• WORK TO BE COMPLETED: Write out all of the records exactly once more and skip the images.

Stored dataset items
• • • •

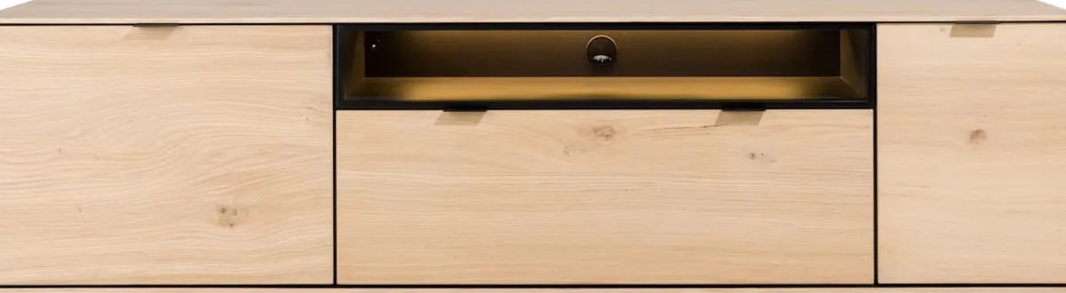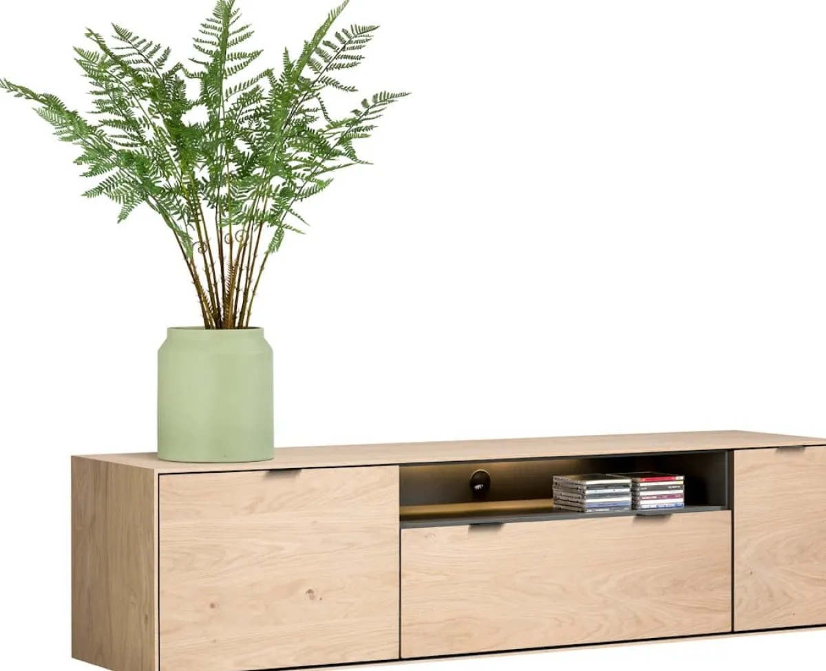 Met onze nieuwe serie ELEMENTS haal je de interieurstylist in je naar boven! Je stelt namelijk met alle losse ELEMENTS items jouw (wand)kast helemaal naar eigen wens samen. Gebruik dit naturel eiken fineer lowboard van 180 cm breed inclusief 1 deur, 1 lade + klep en 1 met led verlichte niche als basis en combineer het met andere ELEMENTS items in bijvoorbeeld onyx, lak groen, of lak zwart. Dit lowboard kan worden opgehangen aan de wand. Ga je voor een XS opstelling of pak je groots uit en wordt het een XXL kast?
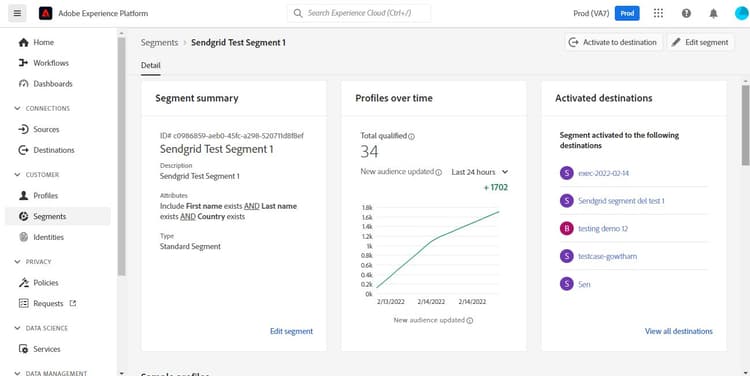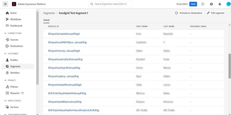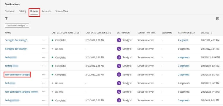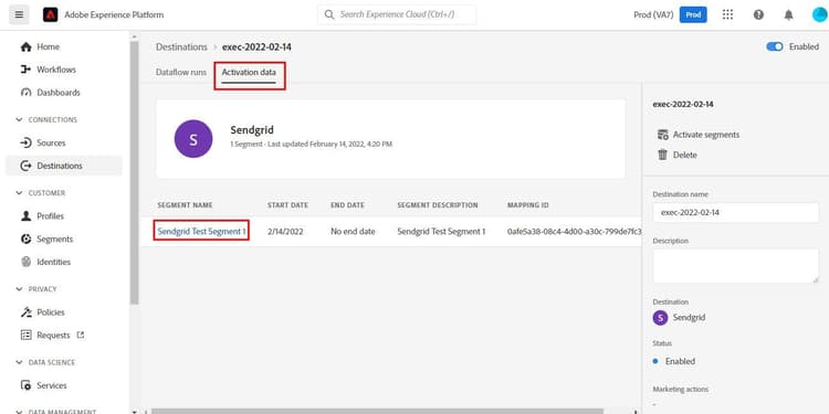Before activating data to the SendGrid destination, you must have a schema, a dataset, and segments created in Experience Platform. Refer also to the limits section further below on this page.
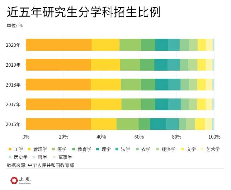 从近五年的研究生招生比例看,招生人数前三位的专业是工学、管理学和医学。
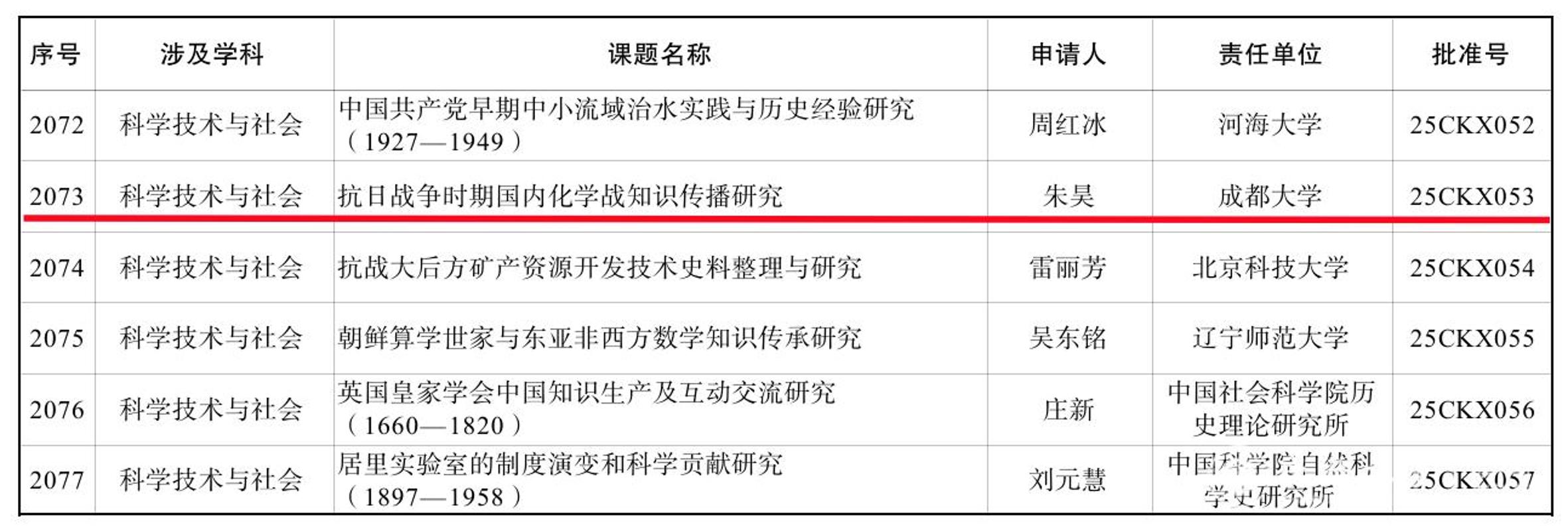 国家社科基金项目是我国哲学社会科学领域层次最高、权威性最强的科研项目,是衡量高校学术科研能力和水平的重要标志。今年,国家社科基金首次增设“科学技术与社会”和“古典学”两个大类学科,朱昊博士长期从事中国近现代科技史,特别是抗战科技史的研究,凭借多学科背景下扎实的研究基础从中脱颖而出获得立项。
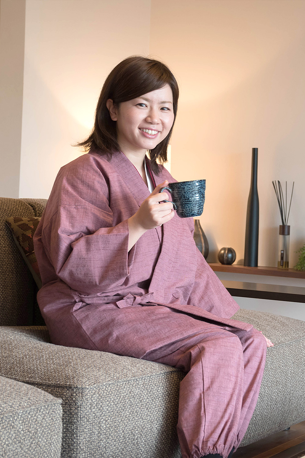 2030 女性紬織作務衣式綿入袢天 No.1 ピンク
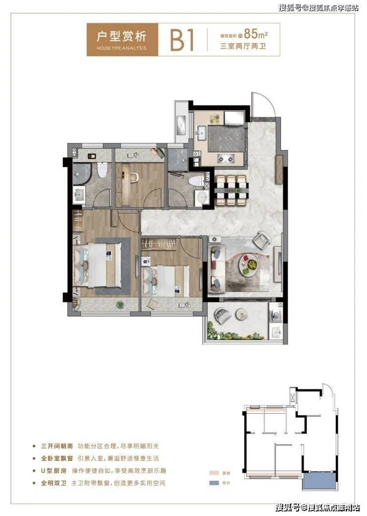 市面上绝大部分80+㎡户型做到三房已是极致,但项目建面约85㎡户型不仅实现3房功能性一步到位,甚至做到了2卫,舒适度和私密性更上一层楼!
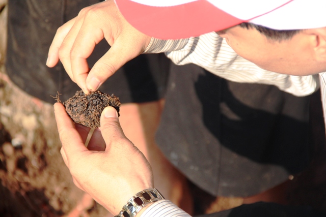 Một chuyên gia nghiên cứu lớp đất đào lên ở hố thăm dò
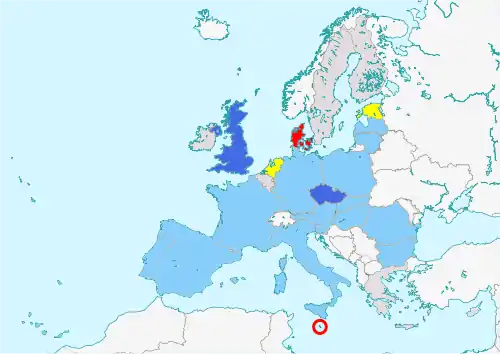 | Cyprus | 2 (DISY) | 1 (EDEK) | 2 (AKEL) | 1 (DIKO) | 6 | 58.88% | [41][42] | ||||
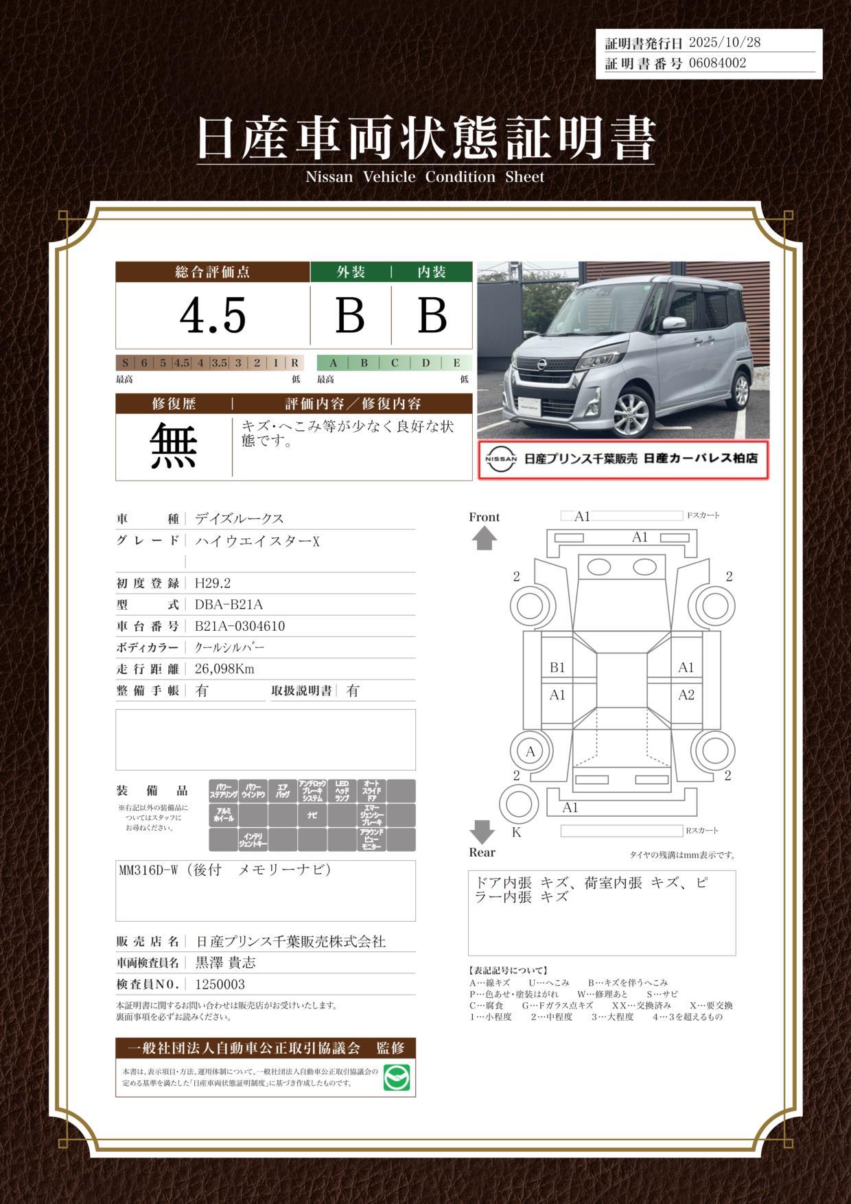 車両保証(デイズルークス ハイウェイスター X:日産プリンス千葉販売株式会社 日産カーパレス柏店)
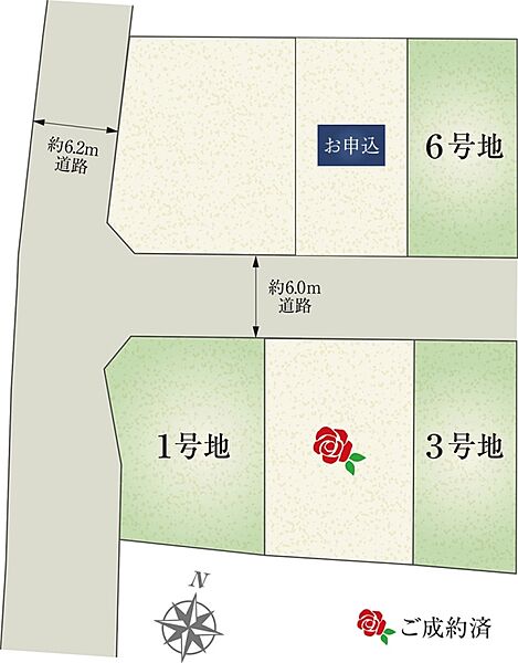 | 建物面積 | - | 土地面積 | 174.98m2(1号地)、140.00m2(3号地)、125.56m2(6号地) 私道負担なし |
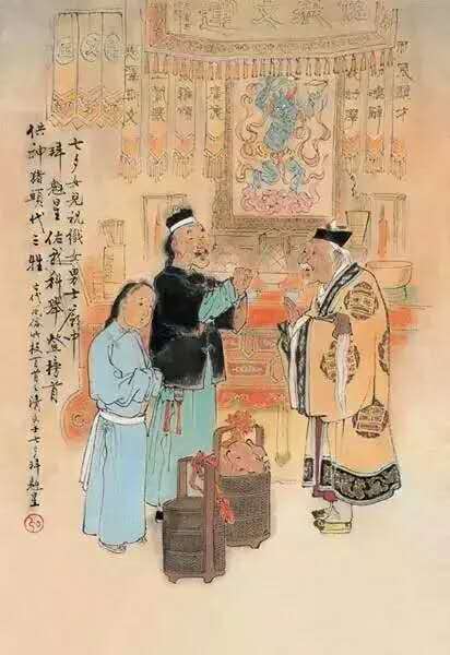 “拜織女”純是少女、少婦們的事。她們大都是預先和自己朋友或鄰里們約好五六人,多至十來人,聯(lián)合舉辦。舉行的儀式,是于月光下擺一張桌子,桌子上置茶、酒、水果、五子(桂圓、紅棗、榛子、花生,瓜子)等祭品;又有鮮花幾朵,束紅紙,插瓶子里,花前置一個小香爐。那么,約好參加拜織女的少婦、少女們,齋戒一天,沐浴停當,準時都到主辦的家里來,于案前焚香禮拜后,大家一起圍坐在桌前,一面吃花生,瓜子,一面朝著織女星座,默念自己的心事。如少女們希望長得漂亮或嫁個如意郎、少婦們希望早生貴子等,都可以向織女星默禱。玩到半夜始散。
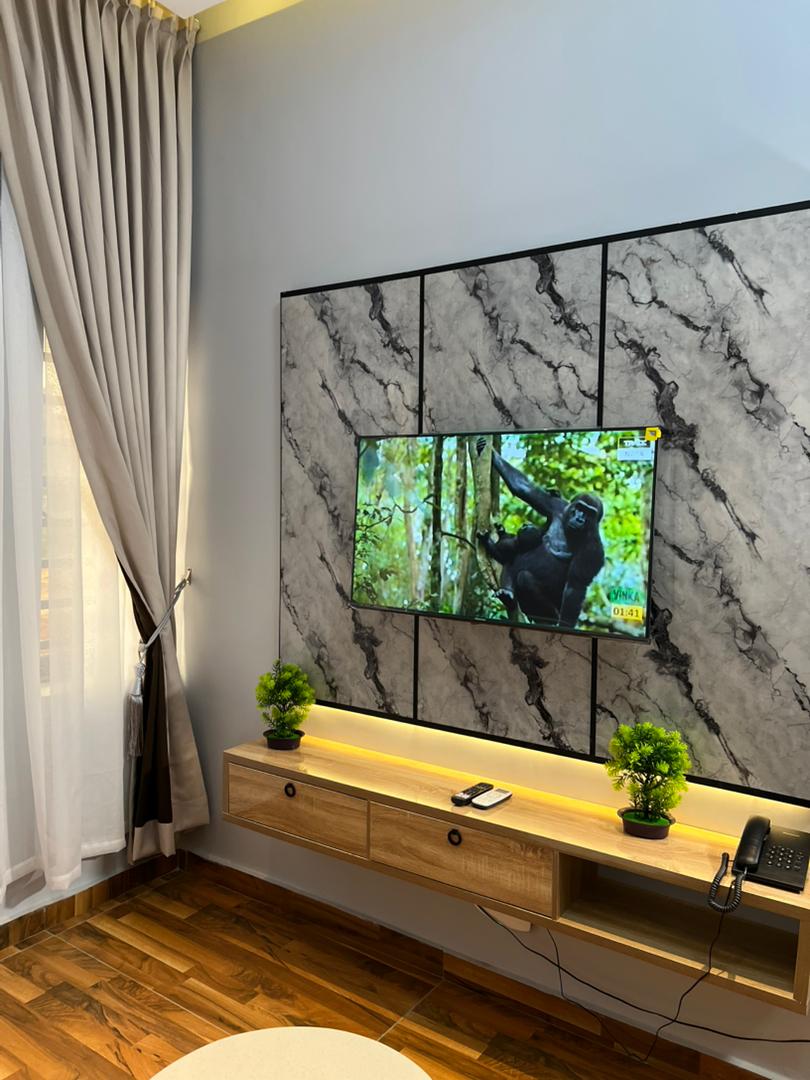 Experience comfort and style in our **Executive One Room Apartment**, perfectly designed for business travelers and individuals seeking a modern living space. The apartment features a spacious, well-furnished bedroom with a cozy lounge area, a private bathroom, and a fully equipped kitchenette. Enjoy premium amenities, high-speed Wi-Fi, air conditioning, and 24-hour power supply - all in a serene and secure environment ideal for both short and long stays.
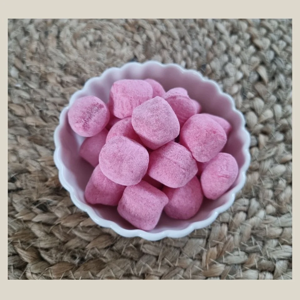Klassiske deilige jordbærdrops, leveres i praktisk ziplock pose. Glutenfri.

• • • •

• ANSWER TO THIS TASK:
 Met onze nieuwe serie ELEMENTS haal je de interieurstylist in je naar boven! Je stelt namelijk met alle losse ELEMENTS items jouw (wand)kast helemaal naar eigen wens samen. Gebruik dit naturel eiken fineer lowboard van 180 cm breed inclusief 1 deur, 1 lade + klep en 1 met led verlichte niche als basis en combineer het met andere ELEMENTS items in bijvoorbeeld onyx, lak groen, of lak zwart. Dit lowboard kan worden opgehangen aan de wand. Ga je voor een XS opstelling of pak je groots uit en wordt het een XXL kast?
Before activating data to the SendGrid destination, you must have a schema, a dataset, and segments created in Experience Platform. Refer also to the limits section further below on this page.
 从近五年的研究生招生比例看,招生人数前三位的专业是工学、管理学和医学。
 国家社科基金项目是我国哲学社会科学领域层次最高、权威性最强的科研项目,是衡量高校学术科研能力和水平的重要标志。今年,国家社科基金首次增设“科学技术与社会”和“古典学”两个大类学科,朱昊博士长期从事中国近现代科技史,特别是抗战科技史的研究,凭借多学科背景下扎实的研究基础从中脱颖而出获得立项。
 2030 女性紬織作務衣式綿入袢天 No.1 ピンク
 市面上绝大部分80+㎡户型做到三房已是极致,但项目建面约85㎡户型不仅实现3房功能性一步到位,甚至做到了2卫,舒适度和私密性更上一层楼!
 Một chuyên gia nghiên cứu lớp đất đào lên ở hố thăm dò
 | Cyprus | 2 (DISY) | 1 (EDEK) | 2 (AKEL) | 1 (DIKO) | 6 | 58.88% | [41][42] | ||||
 車両保証(デイズルークス ハイウェイスター X:日産プリンス千葉販売株式会社 日産カーパレス柏店)
 | 建物面積 | - | 土地面積 | 174.98m2(1号地)、140.00m2(3号地)、125.56m2(6号地) 私道負担なし |
 “拜織女”純是少女、少婦們的事。她們大都是預先和自己朋友或鄰里們約好五六人,多至十來人,聯(lián)合舉辦。舉行的儀式,是于月光下擺一張桌子,桌子上置茶、酒、水果、五子(桂圓、紅棗、榛子、花生,瓜子)等祭品;又有鮮花幾朵,束紅紙,插瓶子里,花前置一個小香爐。那么,約好參加拜織女的少婦、少女們,齋戒一天,沐浴停當,準時都到主辦的家里來,于案前焚香禮拜后,大家一起圍坐在桌前,一面吃花生,瓜子,一面朝著織女星座,默念自己的心事。如少女們希望長得漂亮或嫁個如意郎、少婦們希望早生貴子等,都可以向織女星默禱。玩到半夜始散。
 Experience comfort and style in our **Executive One Room Apartment**, perfectly designed for business travelers and individuals seeking a modern living space. The apartment features a spacious, well-furnished bedroom with a cozy lounge area, a private bathroom, and a fully equipped kitchenette. Enjoy premium amenities, high-speed Wi-Fi, air conditioning, and 24-hour power supply - all in a serene and secure environment ideal for both short and long stays.
Klassiske deilige jordbærdrops, leveres i praktisk ziplock pose. Glutenfri.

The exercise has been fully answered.